Work instruction:
Leave out the pictures and retype, exactly, the lines below from the line with "Cette brouette à" up to and including the line with "What dvd drive", nothing more.

Dataset excerpts:
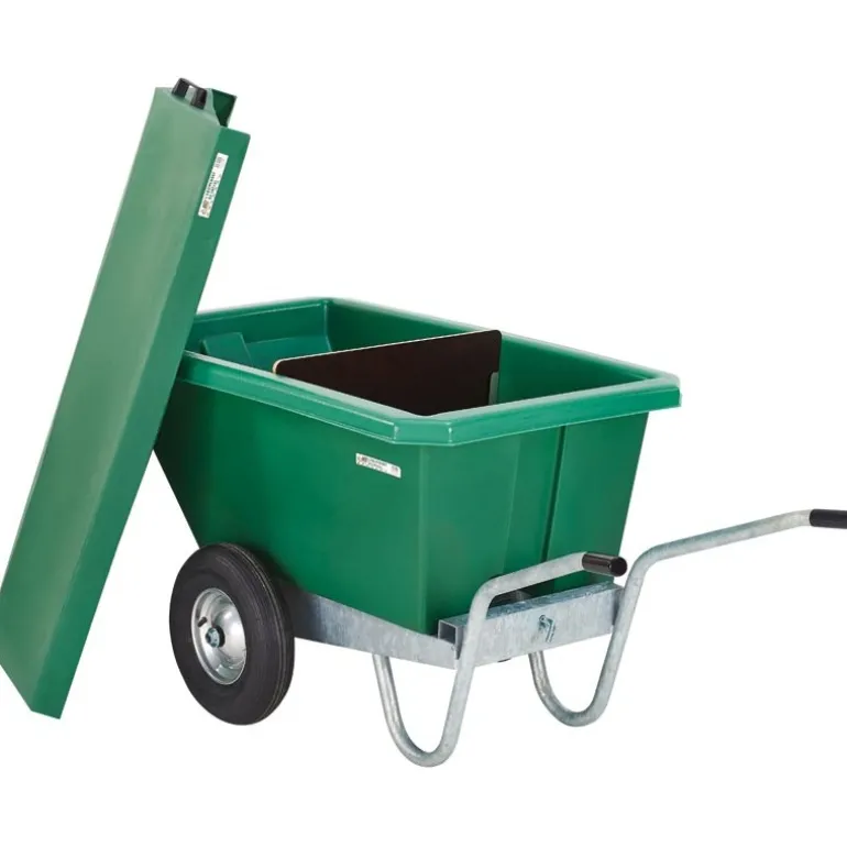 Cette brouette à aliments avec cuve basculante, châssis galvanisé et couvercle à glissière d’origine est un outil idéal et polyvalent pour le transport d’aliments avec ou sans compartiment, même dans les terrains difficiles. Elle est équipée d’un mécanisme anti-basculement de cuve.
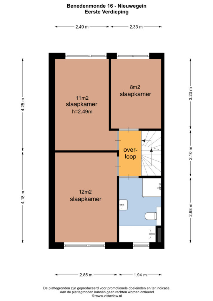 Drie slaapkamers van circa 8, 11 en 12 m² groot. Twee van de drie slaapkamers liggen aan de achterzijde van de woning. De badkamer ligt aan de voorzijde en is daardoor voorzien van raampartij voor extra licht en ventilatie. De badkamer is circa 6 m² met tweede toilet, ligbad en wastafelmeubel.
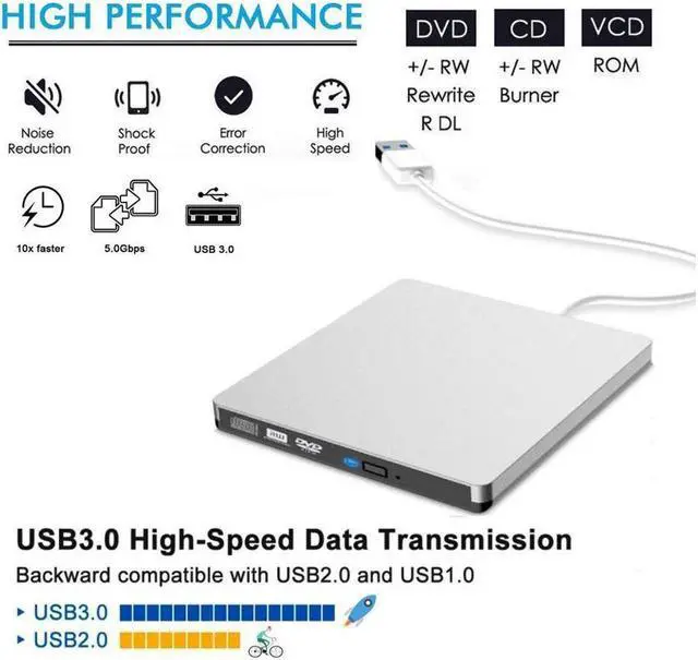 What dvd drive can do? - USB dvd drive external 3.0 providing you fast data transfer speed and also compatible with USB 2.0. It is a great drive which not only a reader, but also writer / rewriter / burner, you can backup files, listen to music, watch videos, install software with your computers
--
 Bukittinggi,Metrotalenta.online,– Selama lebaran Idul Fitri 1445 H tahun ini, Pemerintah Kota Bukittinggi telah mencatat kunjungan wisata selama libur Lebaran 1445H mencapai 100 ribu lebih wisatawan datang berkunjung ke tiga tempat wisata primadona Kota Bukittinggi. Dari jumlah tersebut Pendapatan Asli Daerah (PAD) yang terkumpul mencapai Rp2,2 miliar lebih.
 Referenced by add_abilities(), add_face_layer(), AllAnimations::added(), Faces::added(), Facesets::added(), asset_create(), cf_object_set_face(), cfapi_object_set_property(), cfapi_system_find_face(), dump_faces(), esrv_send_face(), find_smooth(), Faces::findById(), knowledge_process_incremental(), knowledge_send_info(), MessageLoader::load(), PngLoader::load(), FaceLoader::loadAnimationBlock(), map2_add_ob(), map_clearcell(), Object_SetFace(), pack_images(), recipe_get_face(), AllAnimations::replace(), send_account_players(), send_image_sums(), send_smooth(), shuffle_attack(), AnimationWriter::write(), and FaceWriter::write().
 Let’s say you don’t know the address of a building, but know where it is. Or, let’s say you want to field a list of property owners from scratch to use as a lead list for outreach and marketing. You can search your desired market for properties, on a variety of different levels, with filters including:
* * *
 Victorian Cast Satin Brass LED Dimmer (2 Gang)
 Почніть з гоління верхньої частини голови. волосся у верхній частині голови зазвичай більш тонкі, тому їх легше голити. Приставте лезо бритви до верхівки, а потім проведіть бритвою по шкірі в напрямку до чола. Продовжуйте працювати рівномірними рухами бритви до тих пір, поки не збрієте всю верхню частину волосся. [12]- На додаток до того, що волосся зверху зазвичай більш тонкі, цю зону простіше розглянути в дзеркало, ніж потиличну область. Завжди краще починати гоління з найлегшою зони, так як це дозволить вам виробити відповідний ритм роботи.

Answer for the task:
 Cette brouette à aliments avec cuve basculante, châssis galvanisé et couvercle à glissière d’origine est un outil idéal et polyvalent pour le transport d’aliments avec ou sans compartiment, même dans les terrains difficiles. Elle est équipée d’un mécanisme anti-basculement de cuve.
 Drie slaapkamers van circa 8, 11 en 12 m² groot. Twee van de drie slaapkamers liggen aan de achterzijde van de woning. De badkamer ligt aan de voorzijde en is daardoor voorzien van raampartij voor extra licht en ventilatie. De badkamer is circa 6 m² met tweede toilet, ligbad en wastafelmeubel.
 What dvd drive can do? - USB dvd drive external 3.0 providing you fast data transfer speed and also compatible with USB 2.0. It is a great drive which not only a reader, but also writer / rewriter / burner, you can backup files, listen to music, watch videos, install software with your computers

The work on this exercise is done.